■ **Activity**
Each line of the records is to be copied verbatim.

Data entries
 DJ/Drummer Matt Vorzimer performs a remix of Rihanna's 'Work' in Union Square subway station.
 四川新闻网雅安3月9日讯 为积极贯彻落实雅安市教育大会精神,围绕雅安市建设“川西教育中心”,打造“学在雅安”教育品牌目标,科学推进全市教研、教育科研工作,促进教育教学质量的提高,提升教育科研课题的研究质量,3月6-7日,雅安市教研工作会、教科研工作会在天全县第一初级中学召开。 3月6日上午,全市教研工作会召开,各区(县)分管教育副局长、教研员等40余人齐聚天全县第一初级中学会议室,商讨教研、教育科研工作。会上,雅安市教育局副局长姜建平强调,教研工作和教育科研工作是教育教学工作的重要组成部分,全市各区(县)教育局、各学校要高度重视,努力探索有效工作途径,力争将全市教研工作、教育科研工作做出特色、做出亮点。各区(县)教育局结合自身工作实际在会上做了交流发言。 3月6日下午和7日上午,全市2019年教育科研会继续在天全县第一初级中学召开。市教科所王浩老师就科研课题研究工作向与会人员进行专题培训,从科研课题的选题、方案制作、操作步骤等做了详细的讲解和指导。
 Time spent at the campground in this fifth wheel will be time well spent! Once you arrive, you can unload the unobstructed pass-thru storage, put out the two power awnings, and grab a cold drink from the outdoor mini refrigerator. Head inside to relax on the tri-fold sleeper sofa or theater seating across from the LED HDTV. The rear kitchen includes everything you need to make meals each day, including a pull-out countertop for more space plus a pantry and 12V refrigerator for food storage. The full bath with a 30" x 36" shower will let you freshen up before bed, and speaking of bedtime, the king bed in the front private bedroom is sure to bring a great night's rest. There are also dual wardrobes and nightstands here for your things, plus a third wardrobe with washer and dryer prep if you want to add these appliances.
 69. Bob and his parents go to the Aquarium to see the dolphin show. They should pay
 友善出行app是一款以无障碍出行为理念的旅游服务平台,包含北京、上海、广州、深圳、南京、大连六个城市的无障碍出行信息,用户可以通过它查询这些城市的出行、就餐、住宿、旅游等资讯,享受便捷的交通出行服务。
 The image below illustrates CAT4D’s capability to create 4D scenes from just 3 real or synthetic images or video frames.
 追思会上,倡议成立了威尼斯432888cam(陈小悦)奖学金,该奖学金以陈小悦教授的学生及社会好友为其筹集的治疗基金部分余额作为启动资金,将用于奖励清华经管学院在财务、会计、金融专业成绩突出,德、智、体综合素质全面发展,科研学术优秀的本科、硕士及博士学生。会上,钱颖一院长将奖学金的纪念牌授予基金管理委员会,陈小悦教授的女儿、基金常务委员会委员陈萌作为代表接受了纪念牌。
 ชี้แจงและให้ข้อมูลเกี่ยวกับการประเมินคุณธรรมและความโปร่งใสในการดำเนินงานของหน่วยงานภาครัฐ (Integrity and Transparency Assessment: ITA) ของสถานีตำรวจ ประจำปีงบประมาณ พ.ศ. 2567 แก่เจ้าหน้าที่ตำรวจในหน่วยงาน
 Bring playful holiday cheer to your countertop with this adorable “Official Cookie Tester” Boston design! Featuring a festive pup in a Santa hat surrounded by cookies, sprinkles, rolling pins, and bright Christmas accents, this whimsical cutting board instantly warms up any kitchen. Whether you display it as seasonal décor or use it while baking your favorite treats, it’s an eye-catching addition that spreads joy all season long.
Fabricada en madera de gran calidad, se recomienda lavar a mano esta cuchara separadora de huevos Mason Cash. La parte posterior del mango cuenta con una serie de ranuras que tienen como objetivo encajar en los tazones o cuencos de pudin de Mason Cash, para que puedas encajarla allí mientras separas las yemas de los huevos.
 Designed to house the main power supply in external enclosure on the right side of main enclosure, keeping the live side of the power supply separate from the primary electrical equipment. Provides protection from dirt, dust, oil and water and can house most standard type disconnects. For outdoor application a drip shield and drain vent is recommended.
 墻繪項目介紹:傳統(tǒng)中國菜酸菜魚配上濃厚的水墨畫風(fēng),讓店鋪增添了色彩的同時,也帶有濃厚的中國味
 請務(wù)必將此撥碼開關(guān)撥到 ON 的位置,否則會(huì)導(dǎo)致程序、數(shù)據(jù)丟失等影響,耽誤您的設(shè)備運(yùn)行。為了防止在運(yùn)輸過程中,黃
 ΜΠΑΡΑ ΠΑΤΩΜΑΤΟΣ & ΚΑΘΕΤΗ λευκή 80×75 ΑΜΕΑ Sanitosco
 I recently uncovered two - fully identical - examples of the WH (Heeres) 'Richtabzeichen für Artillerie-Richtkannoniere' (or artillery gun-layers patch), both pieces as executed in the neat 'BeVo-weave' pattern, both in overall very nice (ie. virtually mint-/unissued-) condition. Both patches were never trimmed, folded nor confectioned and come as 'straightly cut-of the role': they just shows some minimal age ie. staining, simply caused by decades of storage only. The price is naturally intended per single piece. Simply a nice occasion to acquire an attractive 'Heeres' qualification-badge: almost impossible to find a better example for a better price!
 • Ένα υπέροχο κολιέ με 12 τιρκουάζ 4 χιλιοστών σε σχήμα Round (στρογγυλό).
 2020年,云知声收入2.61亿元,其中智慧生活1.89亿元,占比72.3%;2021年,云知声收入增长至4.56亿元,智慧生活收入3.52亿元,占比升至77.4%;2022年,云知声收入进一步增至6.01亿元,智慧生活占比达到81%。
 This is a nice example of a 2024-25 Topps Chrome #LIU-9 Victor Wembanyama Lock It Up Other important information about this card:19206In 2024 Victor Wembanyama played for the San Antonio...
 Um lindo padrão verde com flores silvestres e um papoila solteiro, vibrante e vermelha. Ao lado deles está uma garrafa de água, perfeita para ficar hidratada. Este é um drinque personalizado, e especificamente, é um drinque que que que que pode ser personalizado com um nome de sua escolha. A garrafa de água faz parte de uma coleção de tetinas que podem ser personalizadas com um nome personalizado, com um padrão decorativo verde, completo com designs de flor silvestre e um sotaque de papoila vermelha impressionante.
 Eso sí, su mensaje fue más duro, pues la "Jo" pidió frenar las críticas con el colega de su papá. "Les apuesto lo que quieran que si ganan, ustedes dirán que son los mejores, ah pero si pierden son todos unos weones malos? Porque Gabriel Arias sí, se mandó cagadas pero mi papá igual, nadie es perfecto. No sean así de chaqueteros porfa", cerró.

■ **Result**
 DJ/Drummer Matt Vorzimer performs a remix of Rihanna's 'Work' in Union Square subway station.
 四川新闻网雅安3月9日讯 为积极贯彻落实雅安市教育大会精神,围绕雅安市建设“川西教育中心”,打造“学在雅安”教育品牌目标,科学推进全市教研、教育科研工作,促进教育教学质量的提高,提升教育科研课题的研究质量,3月6-7日,雅安市教研工作会、教科研工作会在天全县第一初级中学召开。 3月6日上午,全市教研工作会召开,各区(县)分管教育副局长、教研员等40余人齐聚天全县第一初级中学会议室,商讨教研、教育科研工作。会上,雅安市教育局副局长姜建平强调,教研工作和教育科研工作是教育教学工作的重要组成部分,全市各区(县)教育局、各学校要高度重视,努力探索有效工作途径,力争将全市教研工作、教育科研工作做出特色、做出亮点。各区(县)教育局结合自身工作实际在会上做了交流发言。 3月6日下午和7日上午,全市2019年教育科研会继续在天全县第一初级中学召开。市教科所王浩老师就科研课题研究工作向与会人员进行专题培训,从科研课题的选题、方案制作、操作步骤等做了详细的讲解和指导。
 Time spent at the campground in this fifth wheel will be time well spent! Once you arrive, you can unload the unobstructed pass-thru storage, put out the two power awnings, and grab a cold drink from the outdoor mini refrigerator. Head inside to relax on the tri-fold sleeper sofa or theater seating across from the LED HDTV. The rear kitchen includes everything you need to make meals each day, including a pull-out countertop for more space plus a pantry and 12V refrigerator for food storage. The full bath with a 30" x 36" shower will let you freshen up before bed, and speaking of bedtime, the king bed in the front private bedroom is sure to bring a great night's rest. There are also dual wardrobes and nightstands here for your things, plus a third wardrobe with washer and dryer prep if you want to add these appliances.
 69. Bob and his parents go to the Aquarium to see the dolphin show. They should pay
 友善出行app是一款以无障碍出行为理念的旅游服务平台,包含北京、上海、广州、深圳、南京、大连六个城市的无障碍出行信息,用户可以通过它查询这些城市的出行、就餐、住宿、旅游等资讯,享受便捷的交通出行服务。
 The image below illustrates CAT4D’s capability to create 4D scenes from just 3 real or synthetic images or video frames.
 追思会上,倡议成立了威尼斯432888cam(陈小悦)奖学金,该奖学金以陈小悦教授的学生及社会好友为其筹集的治疗基金部分余额作为启动资金,将用于奖励清华经管学院在财务、会计、金融专业成绩突出,德、智、体综合素质全面发展,科研学术优秀的本科、硕士及博士学生。会上,钱颖一院长将奖学金的纪念牌授予基金管理委员会,陈小悦教授的女儿、基金常务委员会委员陈萌作为代表接受了纪念牌。
 ชี้แจงและให้ข้อมูลเกี่ยวกับการประเมินคุณธรรมและความโปร่งใสในการดำเนินงานของหน่วยงานภาครัฐ (Integrity and Transparency Assessment: ITA) ของสถานีตำรวจ ประจำปีงบประมาณ พ.ศ. 2567 แก่เจ้าหน้าที่ตำรวจในหน่วยงาน
 Bring playful holiday cheer to your countertop with this adorable “Official Cookie Tester” Boston design! Featuring a festive pup in a Santa hat surrounded by cookies, sprinkles, rolling pins, and bright Christmas accents, this whimsical cutting board instantly warms up any kitchen. Whether you display it as seasonal décor or use it while baking your favorite treats, it’s an eye-catching addition that spreads joy all season long.
Fabricada en madera de gran calidad, se recomienda lavar a mano esta cuchara separadora de huevos Mason Cash. La parte posterior del mango cuenta con una serie de ranuras que tienen como objetivo encajar en los tazones o cuencos de pudin de Mason Cash, para que puedas encajarla allí mientras separas las yemas de los huevos.
 Designed to house the main power supply in external enclosure on the right side of main enclosure, keeping the live side of the power supply separate from the primary electrical equipment. Provides protection from dirt, dust, oil and water and can house most standard type disconnects. For outdoor application a drip shield and drain vent is recommended.
 墻繪項目介紹:傳統(tǒng)中國菜酸菜魚配上濃厚的水墨畫風(fēng),讓店鋪增添了色彩的同時,也帶有濃厚的中國味
 請務(wù)必將此撥碼開關(guān)撥到 ON 的位置,否則會(huì)導(dǎo)致程序、數(shù)據(jù)丟失等影響,耽誤您的設(shè)備運(yùn)行。為了防止在運(yùn)輸過程中,黃
 ΜΠΑΡΑ ΠΑΤΩΜΑΤΟΣ & ΚΑΘΕΤΗ λευκή 80×75 ΑΜΕΑ Sanitosco
 I recently uncovered two - fully identical - examples of the WH (Heeres) 'Richtabzeichen für Artillerie-Richtkannoniere' (or artillery gun-layers patch), both pieces as executed in the neat 'BeVo-weave' pattern, both in overall very nice (ie. virtually mint-/unissued-) condition. Both patches were never trimmed, folded nor confectioned and come as 'straightly cut-of the role': they just shows some minimal age ie. staining, simply caused by decades of storage only. The price is naturally intended per single piece. Simply a nice occasion to acquire an attractive 'Heeres' qualification-badge: almost impossible to find a better example for a better price!
 • Ένα υπέροχο κολιέ με 12 τιρκουάζ 4 χιλιοστών σε σχήμα Round (στρογγυλό).
 2020年,云知声收入2.61亿元,其中智慧生活1.89亿元,占比72.3%;2021年,云知声收入增长至4.56亿元,智慧生活收入3.52亿元,占比升至77.4%;2022年,云知声收入进一步增至6.01亿元,智慧生活占比达到81%。
 This is a nice example of a 2024-25 Topps Chrome #LIU-9 Victor Wembanyama Lock It Up Other important information about this card:19206In 2024 Victor Wembanyama played for the San Antonio...
 Um lindo padrão verde com flores silvestres e um papoila solteiro, vibrante e vermelha. Ao lado deles está uma garrafa de água, perfeita para ficar hidratada. Este é um drinque personalizado, e especificamente, é um drinque que que que que pode ser personalizado com um nome de sua escolha. A garrafa de água faz parte de uma coleção de tetinas que podem ser personalizadas com um nome personalizado, com um padrão decorativo verde, completo com designs de flor silvestre e um sotaque de papoila vermelha impressionante.
 Eso sí, su mensaje fue más duro, pues la "Jo" pidió frenar las críticas con el colega de su papá. "Les apuesto lo que quieran que si ganan, ustedes dirán que son los mejores, ah pero si pierden son todos unos weones malos? Porque Gabriel Arias sí, se mandó cagadas pero mi papá igual, nadie es perfecto. No sean así de chaqueteros porfa", cerró.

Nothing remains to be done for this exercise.